As for eligible recipients, the SAB does stand by an earlier advisory opinion that allows PAPs to provide assistance only to Medicare patients.  PAPS are instructed to base eligibility on reasonable, verifiable and uniform measures of financial need that are consistently applied.  OIG does caution, however, that the cost of a particular drug is not an appropriate stand-alone factor in determining financial need and that overly-generous financial need criteria may be suspect. 

The SAB section on donors is more cryptic than the eligible recipients section.  Referencing the certifications that PAPs make when applying for OIG advisory opinions, it states a material fact relied upon by OIG in issuing favorable opinions is that a PAP does not give donors information that allows the donor to correlate the amount or frequency of its donations with the number of patients  or the volume of product dispersed.  Noting that these advisory opinions do not address donor actions, the SAB nevertheless states that “actions by donors to correlate their funding of PAPs with support for their own products… may be indicative of a donor’s intent to channel its financial support to copayments of its own products, which would implicate the anti-kickback statute.”

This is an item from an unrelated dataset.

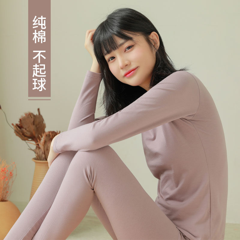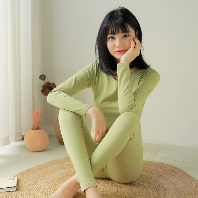 Autumn Clothes and Pants Women's Thin suit Girl Base Sweater Spring and Autumn Student Solid Color Thermal Underwear

It is in the concluding section that OIG changes course on some existing advisory opinions.  Repeating that independent charity PAPS are a valuable resource for a needy patients but raise serious issues of fraud, waste and abuse, OIG states that some independent charity PAPS “have received favorable advisory opinions that may include features that are discouraged in this [SAB.]”  OIG volunteers that it is writing to these PAPS to explain how it will work with them and notes that some advisory opinions will need to be modified.  In the interim, the suspect features will be “protected.”   Finally, OIG voices its intent that there should be “no disruption of patient care during this process.” 

While the new SAB might have done a somewhat better job of reducing fear and ignorance, we believe that St. Francis would join us in heartily endorsing this last sentiment regarding the well-being of patients.